● Source records

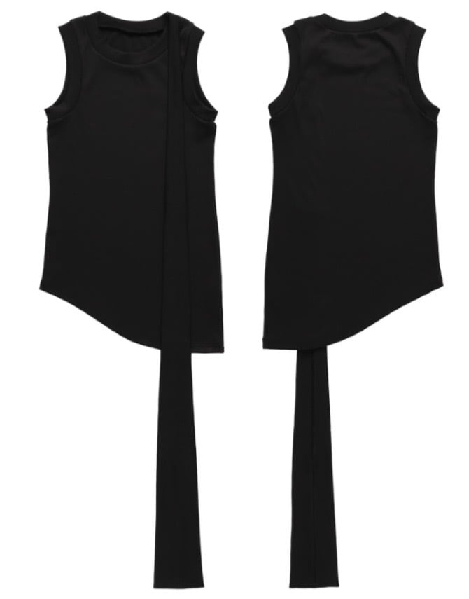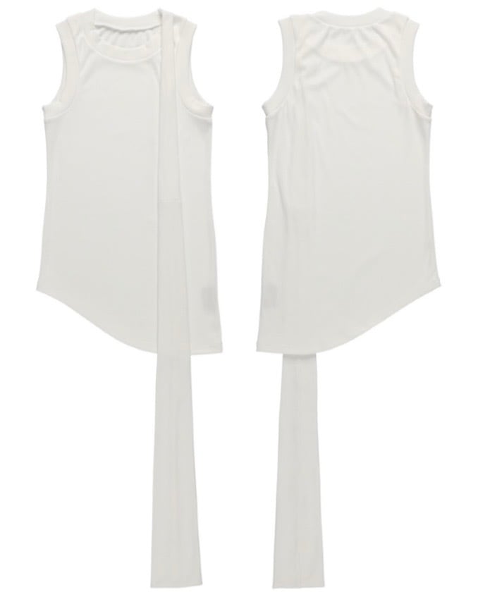 垂れ下がるタイを備えたタンクトップ。
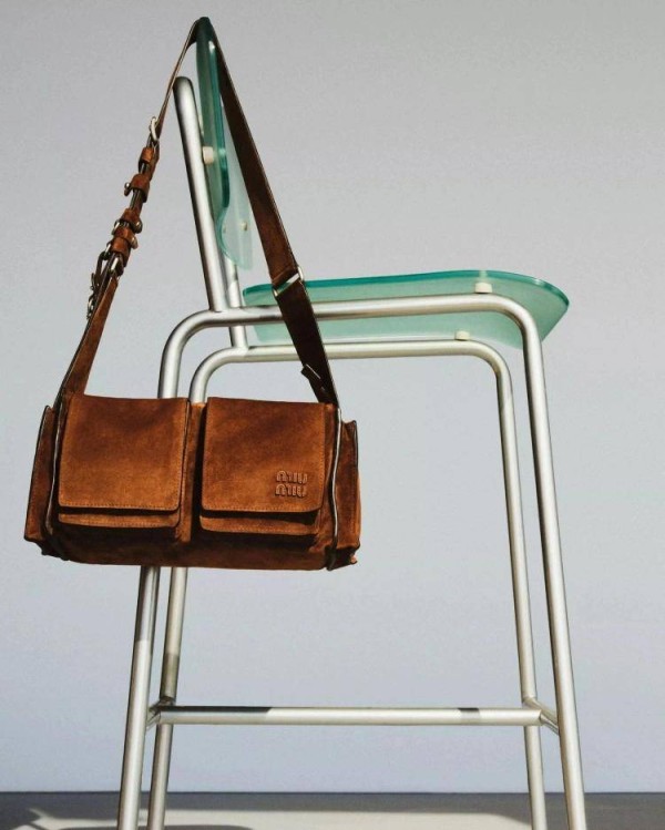 在配色上, Utilitaire 选择了深棕与可可棕等经典大地色调。这种看似低调的颜色,其实最考验设计的功力。它不是为了瞬间抢风头,而是为了“长情”的视觉稳定感——无论是配复古丹宁、白衬衫,还是温柔的连衣裙,它都能完美融入,为整体造型增添一份沉稳。更绝的是,高级麂皮材质在日常使用中会慢慢形成独属的细腻纹理,色泽层次会越来越丰富。这种经得起时间考验的美学,正是 Miu Miu 一直传达的时尚态度。
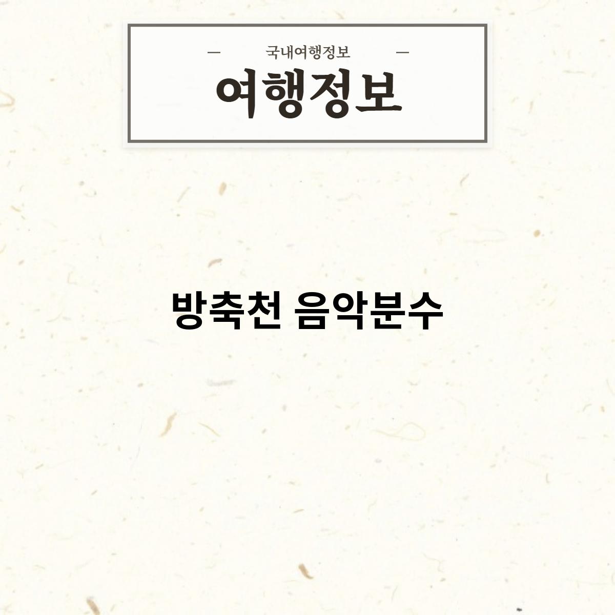 방축천 음악분수는 매일 저녁 8시 30분부터 1시간 동안 공연을 진행합니다. 다양한 음악과 조명이 어우러진 공연을 감상하세요.
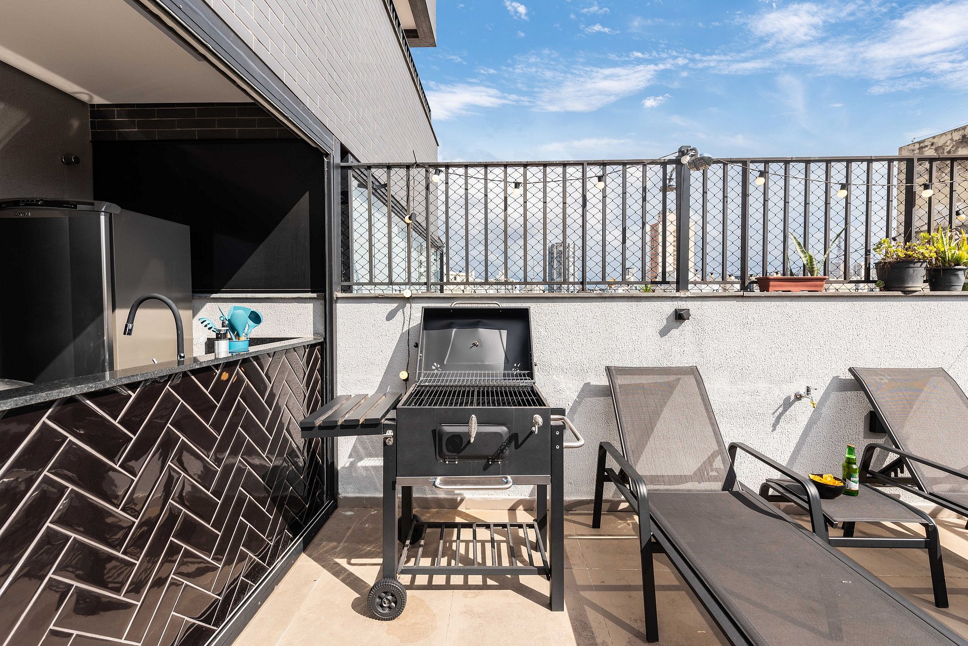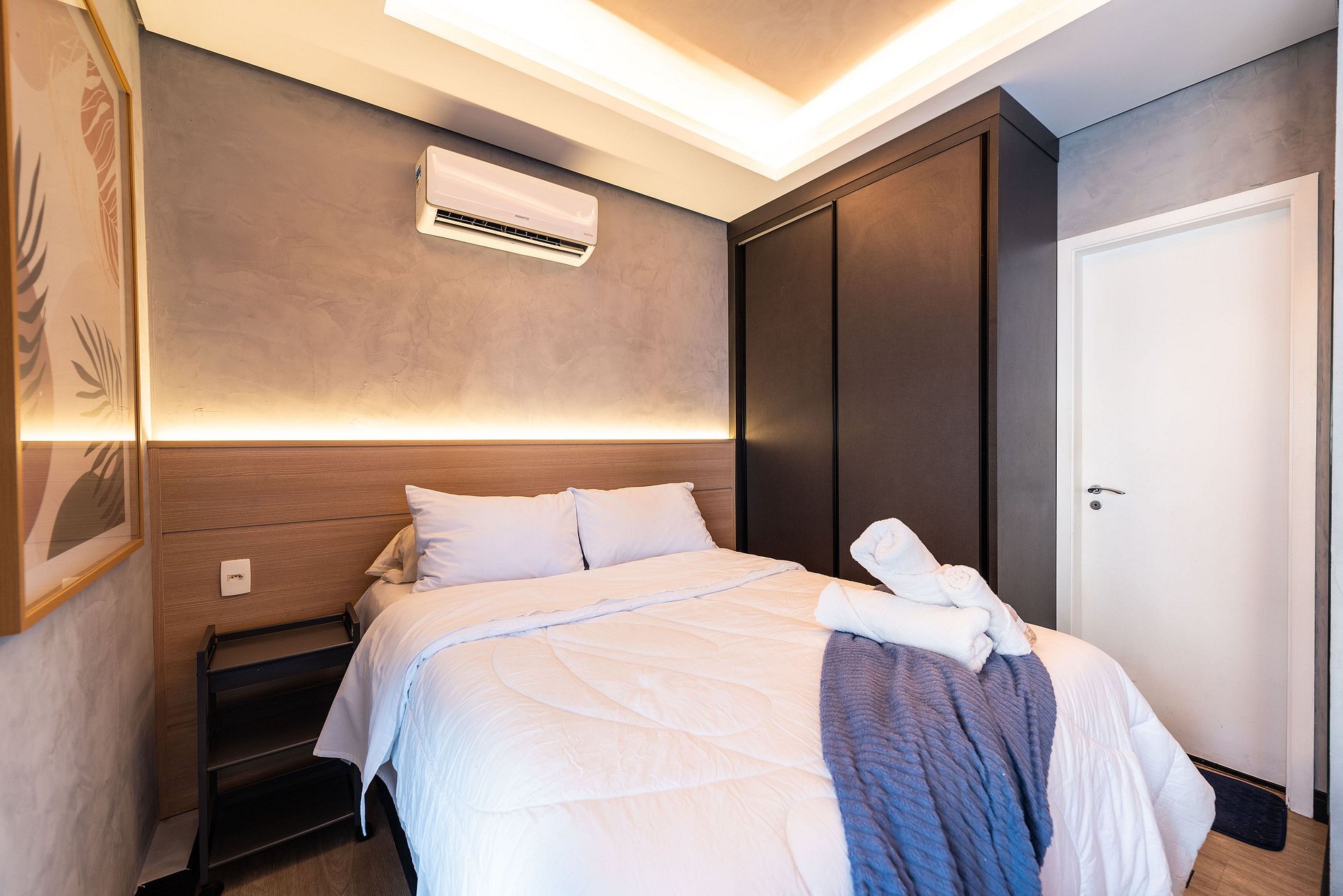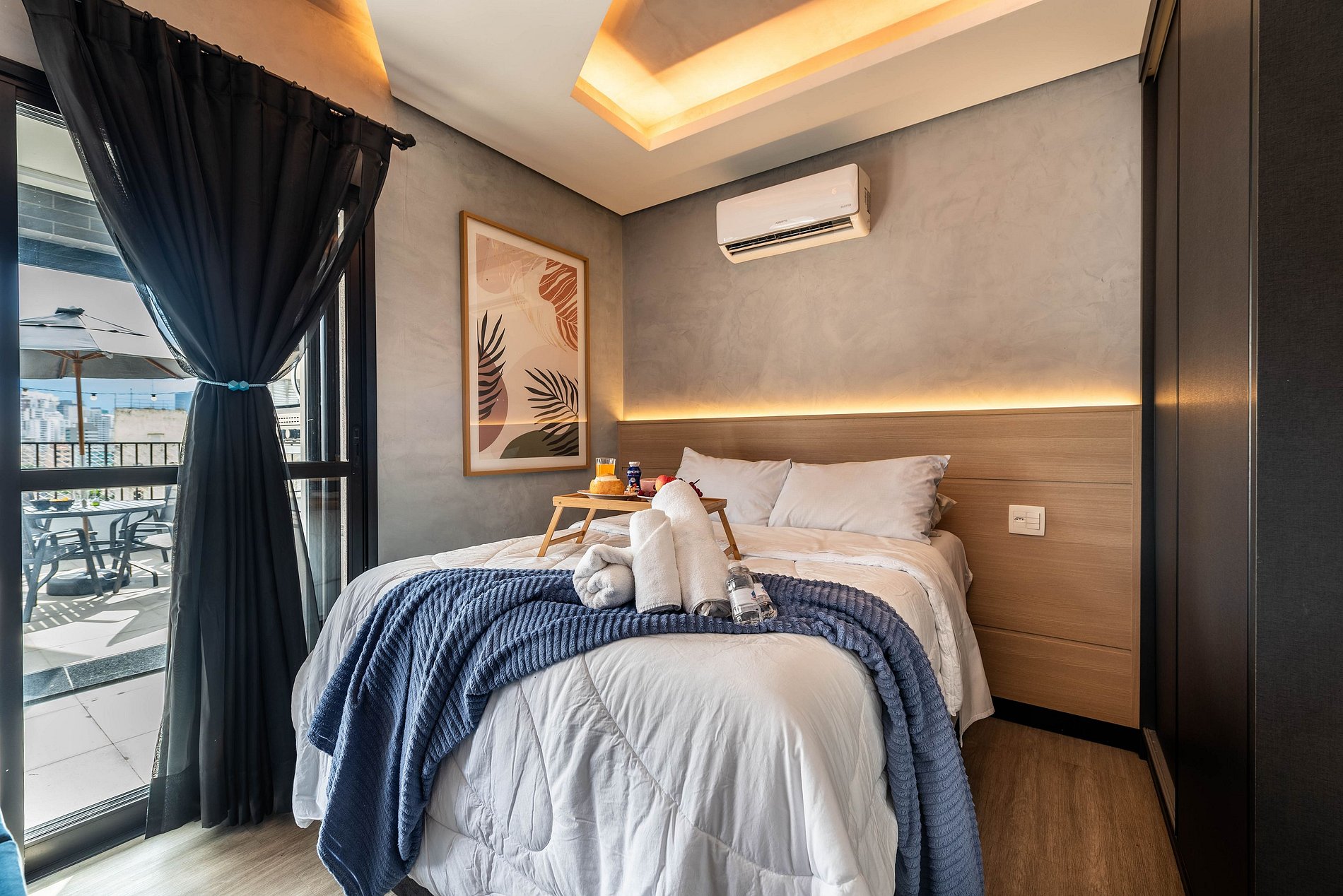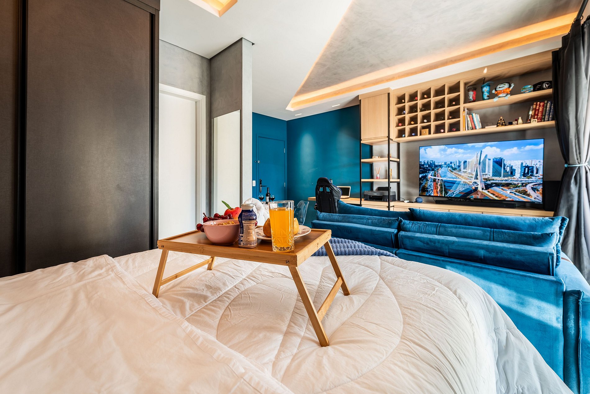 ・Cozinha completa: equipada com frigobar, fogão de indução, micro-ondas etc.
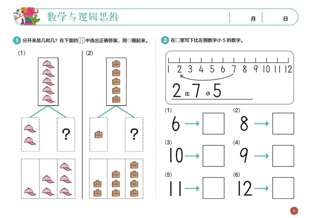 到了5~6岁分册时,1~100以内的数字都有,终于正式开始接触10以内的运算,并且前面实物化的呈现方式开始转变为抽象的列算式,已经跟小学要求数学能力差得不远了。

● Aim of the task
Retype every entry word for word, but do not carry over the pictures.

● Solved exercise
 垂れ下がるタイを備えたタンクトップ。
 在配色上, Utilitaire 选择了深棕与可可棕等经典大地色调。这种看似低调的颜色,其实最考验设计的功力。它不是为了瞬间抢风头,而是为了“长情”的视觉稳定感——无论是配复古丹宁、白衬衫,还是温柔的连衣裙,它都能完美融入,为整体造型增添一份沉稳。更绝的是,高级麂皮材质在日常使用中会慢慢形成独属的细腻纹理,色泽层次会越来越丰富。这种经得起时间考验的美学,正是 Miu Miu 一直传达的时尚态度。
 방축천 음악분수는 매일 저녁 8시 30분부터 1시간 동안 공연을 진행합니다. 다양한 음악과 조명이 어우러진 공연을 감상하세요.
 ・Cozinha completa: equipada com frigobar, fogão de indução, micro-ondas etc.
 到了5~6岁分册时,1~100以内的数字都有,终于正式开始接触10以内的运算,并且前面实物化的呈现方式开始转变为抽象的列算式,已经跟小学要求数学能力差得不远了。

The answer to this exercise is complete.